There are a few methods for the direct transesterfication of PET to DOTP. Reference may be made to C. Jinyang, L. Feng, X. Tianjiao, R. Ruyi, Chinese patent (2014), CN102617352 B, wherein, DOTP was prepared from scrapped PET plastic waste by hydrolysis at near critical temperature (300-350 °C). The reaction was carried out in a sealed reaction vessel using PET to alcohol ratio 1: 4.5. Another reference may be made to Y. Shitao, L. Shiwei, X. Qingrong, W. Hongxin, Z. Yinzhang, Chinese patent (2011), CN102241592 A, wherein, DOTP was prepared from polyester waste using a titanate catalyst. The reaction was carried out in a sealed tube at 180-240 °C temperature and under 0.03 MPa pressure. Still another reference may be made to X. Shi, P. Jiang, Y. Lu, J. Hu, H. Wang, Huagong Jinzhan, 2008, 27, 143-146, wherein, DOTP was prepared from waste PET using a tetra-butyl titanate as the catalyst. The reaction required use of an aprotic solvent N-methyl-2-pyrrolidone. A reference by G. Zheng, Faming Zhuanli Shenqing (2015), CN 104722248 A, wherein, DOTP was produced from PET using tetra-butyl titanate as the catalyst in a nitrogen sealed reactor at 210-230 °C. A reference by S. Jia, Z. Xu, Y. Ren, X. Chou, Q. Yu, Jingxi Shiyou Huagong, 2004, 6, 1-3, described development of a new solid super acid catalyst which could convert PET to DOTP at temperature 210-220 °C. Apparently, larger amount of 2-ethyl-1-hexanol (4 times) and considerably higher amount of catalyst (12-13 wt%) was required for the process.

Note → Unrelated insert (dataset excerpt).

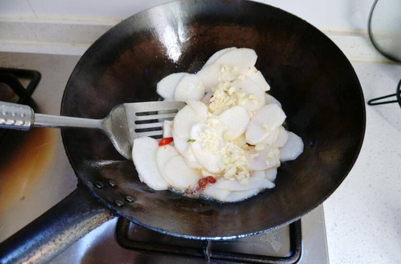 7、等山药片变透明后撒入蒜粒翻炒均匀即可出锅。

A process by C. J. Ambrose, Indian (2002), IN 187128 A1, described synthesis of DOTP from polyester film waste using a two step process where first step involved glycolysis of polyester film using ethylene glycol and Ca(OAc)2 as catalyst at 210-270 °C, preferably 230-260 °C and pressures of 0-3 bar. In the second step the glycolyzed PET was trans-esterified in the presence of a Sn catalyst at 200-250 °C, preferably at 210-230 °C and pressures of 1-3 bar.
Considering the titanium based expensive catalysts employed for the conversion of PET to DOTP by other inventors, it is of utmost important to design a catalyst which can overcome the issue. Thus, development of a comparatively milder, eco-friendly, and cheaper heterogeneous catalytic process for the production of DOTP from PET does have enormous scope for commercial application.

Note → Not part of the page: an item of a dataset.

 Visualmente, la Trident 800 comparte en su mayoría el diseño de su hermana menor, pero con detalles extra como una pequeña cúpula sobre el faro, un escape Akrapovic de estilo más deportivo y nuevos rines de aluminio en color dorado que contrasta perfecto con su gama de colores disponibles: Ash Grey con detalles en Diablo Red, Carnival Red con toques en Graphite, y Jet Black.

OBJECTIVES OF THE INVENTION
The main highlight of the present invention is development of a novel and cost effective transition metal based heterogeneous catalyst to provide a comparatively milder, eco-friendly, and less costly process for the trans-esterification of PET to DOTP.
SUMMARY OF INVENTION
Accordingly the present invention provides a trans-esterification method to terephthalic acid di-iso-octyl ester by using a transition metal based heterogeneous catalyst. Synthesis method of the present invention has a high conversion rate over the said catalyst which is made of low cost, non-toxic metals and can be reused for several times.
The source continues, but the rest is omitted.